Liebe Brüder und Schwestern!
Heute möchte ich wie schon in den vergangenen beiden Wochen über den heiligen Bonaventura sprechen und weitere Aspekte seines Denkens vertiefen. Der Franziskaner Bonaventura hat gemeinsam mit seinem Zeitgenossen, dem Dominikaner Thomas von Aquin, wesentlich zur Blüte der Theologie im Mittelalter beigetragen. Hier auf dem Petersplatz stehen ihre Statuen am vorderen Ende der Kolonnaden einander gegenüber. In ihrer Theologie ergänzen sie sich durch verschiedene Akzente. Bei Thomas von Aquin können wir von einem Primat des Erkennens sprechen. Es geht ihm vor allem um die Erkenntnis Gottes, die natürlich auch praktische Konsequenzen in einem guten Leben hat. Die höchste Erfüllung ist schließlich die Schau Gottes. Bonaventura nähert sich Gott eher aus der Perspektive der Liebe, die für ihn jede wahre Theologie prägen muß. Wer hingegen mit Stolz an die Frage nach Gott herangeht und sein eigenes Nachdenken über die Heilige Schrift stellt, tut dem Wort Gottes Gewalt an. Bonaventura richtet sich nicht gegen die geordnete rationale Reflexion, aber in treuer Nachahmung seines Ordensgründers Franziskus war er sein ganzes Leben von tiefer Liebe zu Christus erfüllt, den er darum immer besser kennenlernen wollte. Inspiriert von der Lehre des griechischen Kirchenschriftstellers Pseudo-Dionysius, betete er darum, wie die Seraphine gleichsam Feuer und Flamme für Gott zu sein, und strebte nach der Liebe, die letztlich alles Erkennen übersteigt und uns mit Gott vereint.
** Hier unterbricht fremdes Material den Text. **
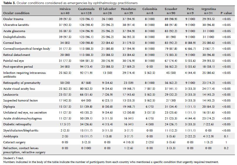 Conclusão: Esta pesquisa mostra a escassez de pessoal e treinamento específico que os praticantes de oftalmologia na América Latina enfrentam em sua prática diária. Essas preocupações e ansiedade parecem ser as mesmas em todo o mundo com a pandemia de COVID- 19. É importante reforçar a confiança dos profissionais de oftalmologia nas diretrizes atuais de atendimento ao paciente com COVID-19 e também disponibilizar programas de treinamento sobre o uso de EPI e também itens de EPI disponíveis em todos os momentos para garantir a qualidade do atendimento e a disseminação mínima da doença.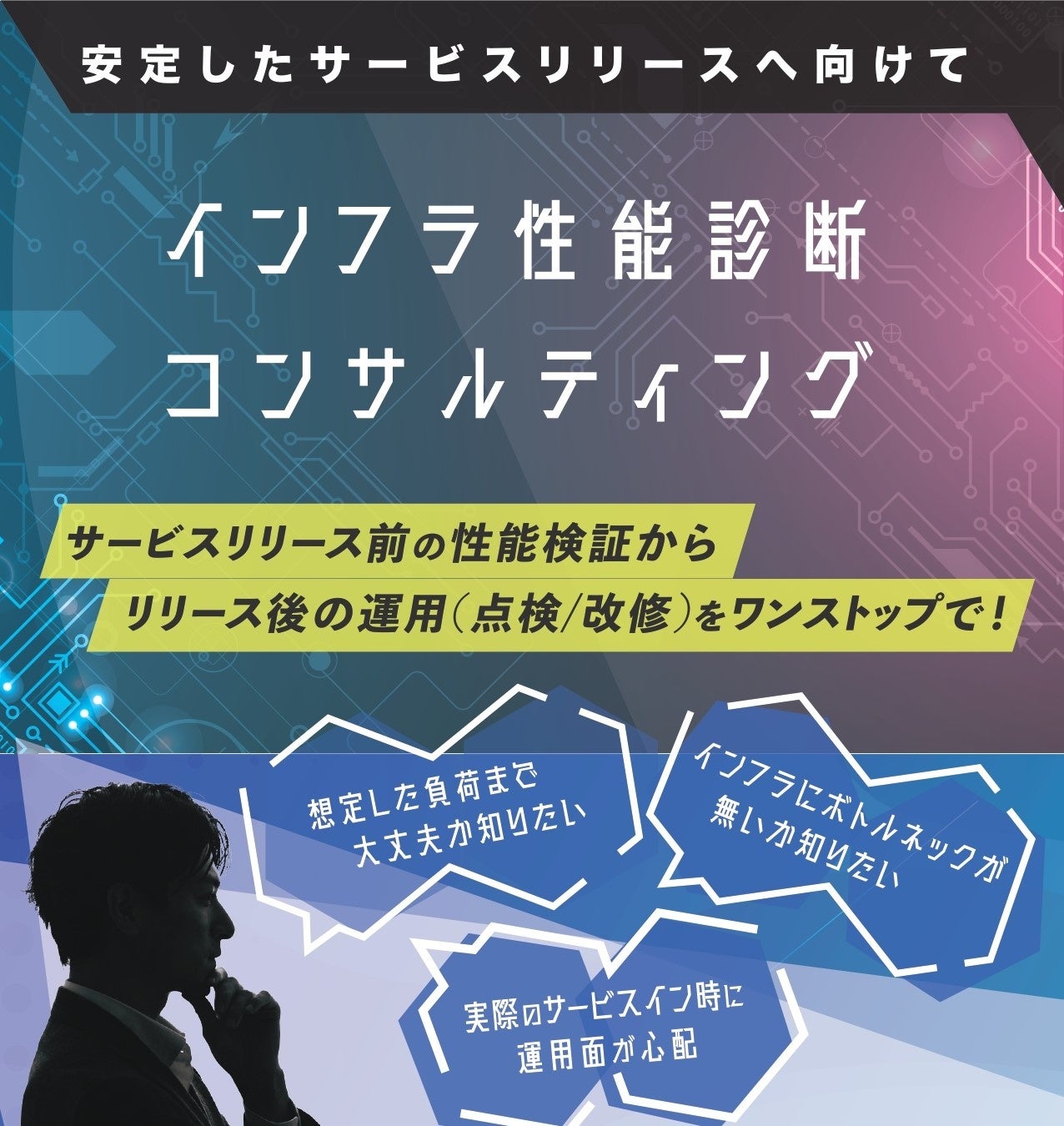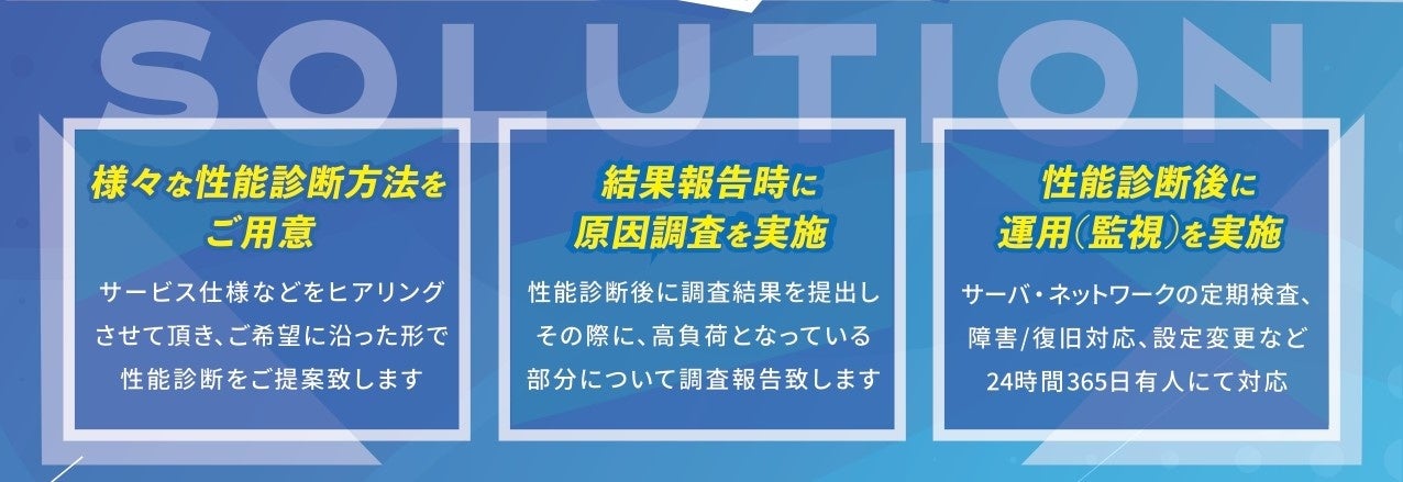 様々なインフラを取り扱って来たノウハウから、お客様のご要望に合わせた性能診断を実現いたします。また、サービスリリース時には運用のスペシャリストが、24時間365日の有人運用で対応させていただきます。まずはお気軽にお問い合わせください。

Ganz herzlich begrüße ich die Pilger und Besucher aus den Ländern deutscher Sprache und heiße besonders die Studierenden und Dozenten des Kirchenrechts aus Wien sowie die Schulgemeinschaft der Marienhausschule in Meppen willkommen. Die Fastenzeit ist für uns alle ein innerer Weg zum Ostergeheimnis. Gerade in der Dunkelheit des Kreuzestodes können wir, so lehrt uns der heilige Bonaventura, die übergroße Liebe Gottes erkennen. Und je tiefer wir erkennen, daß Christus für uns gestorben ist, desto mehr wird in uns die Liebe zu ihm entbrennen. Dazu erbitte ich euch allen Gottes reichen Segen!